Data block —
"""

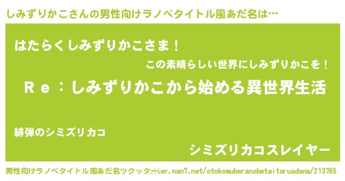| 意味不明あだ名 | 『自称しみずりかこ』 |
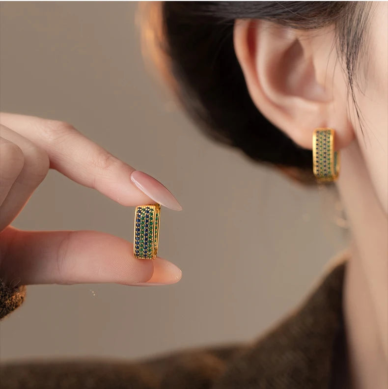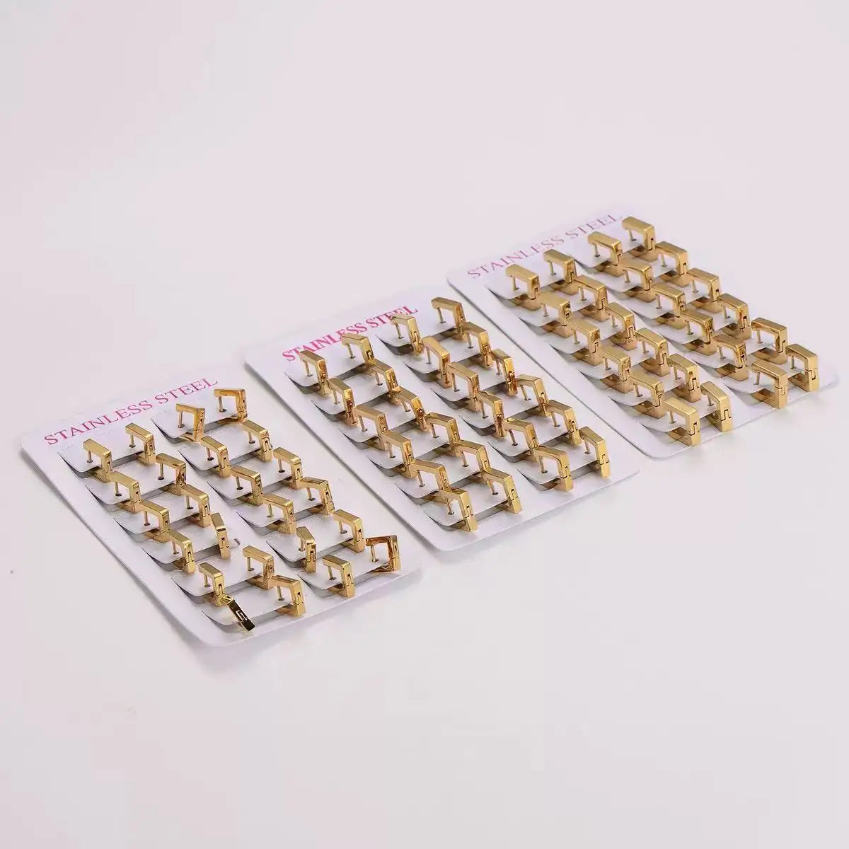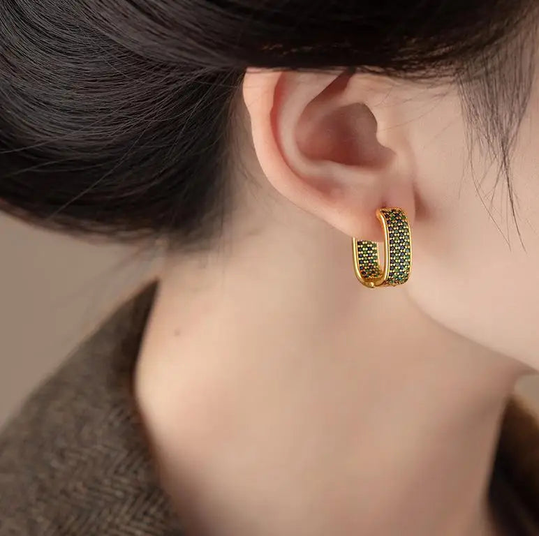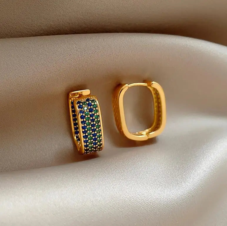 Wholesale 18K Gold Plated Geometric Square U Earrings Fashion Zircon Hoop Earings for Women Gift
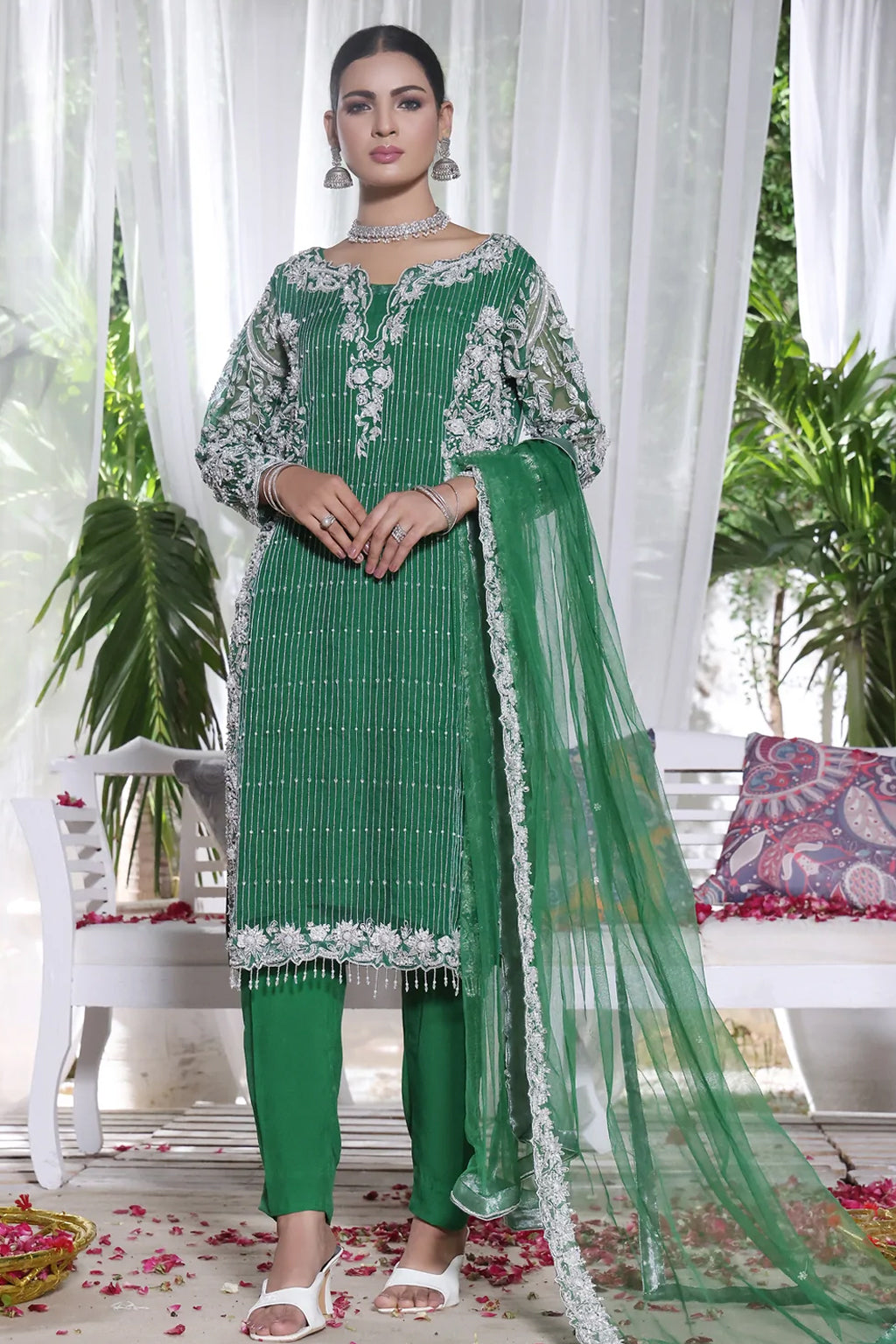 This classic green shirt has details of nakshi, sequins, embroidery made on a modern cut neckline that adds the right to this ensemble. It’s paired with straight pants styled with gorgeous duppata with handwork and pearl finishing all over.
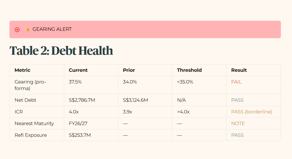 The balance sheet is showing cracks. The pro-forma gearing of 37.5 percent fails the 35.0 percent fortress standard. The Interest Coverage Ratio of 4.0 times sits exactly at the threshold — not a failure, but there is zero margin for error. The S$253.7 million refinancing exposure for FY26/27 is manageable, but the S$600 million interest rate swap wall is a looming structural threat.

"""

What the task asks — Each line of the listing is to be retyped exactly, and its pictures are to be dropped.

Output of the exercise —
| 意味不明あだ名 | 『自称しみずりかこ』 |
 Wholesale 18K Gold Plated Geometric Square U Earrings Fashion Zircon Hoop Earings for Women Gift
 This classic green shirt has details of nakshi, sequins, embroidery made on a modern cut neckline that adds the right to this ensemble. It’s paired with straight pants styled with gorgeous duppata with handwork and pearl finishing all over.
 The balance sheet is showing cracks. The pro-forma gearing of 37.5 percent fails the 35.0 percent fortress standard. The Interest Coverage Ratio of 4.0 times sits exactly at the threshold — not a failure, but there is zero margin for error. The S$253.7 million refinancing exposure for FY26/27 is manageable, but the S$600 million interest rate swap wall is a looming structural threat.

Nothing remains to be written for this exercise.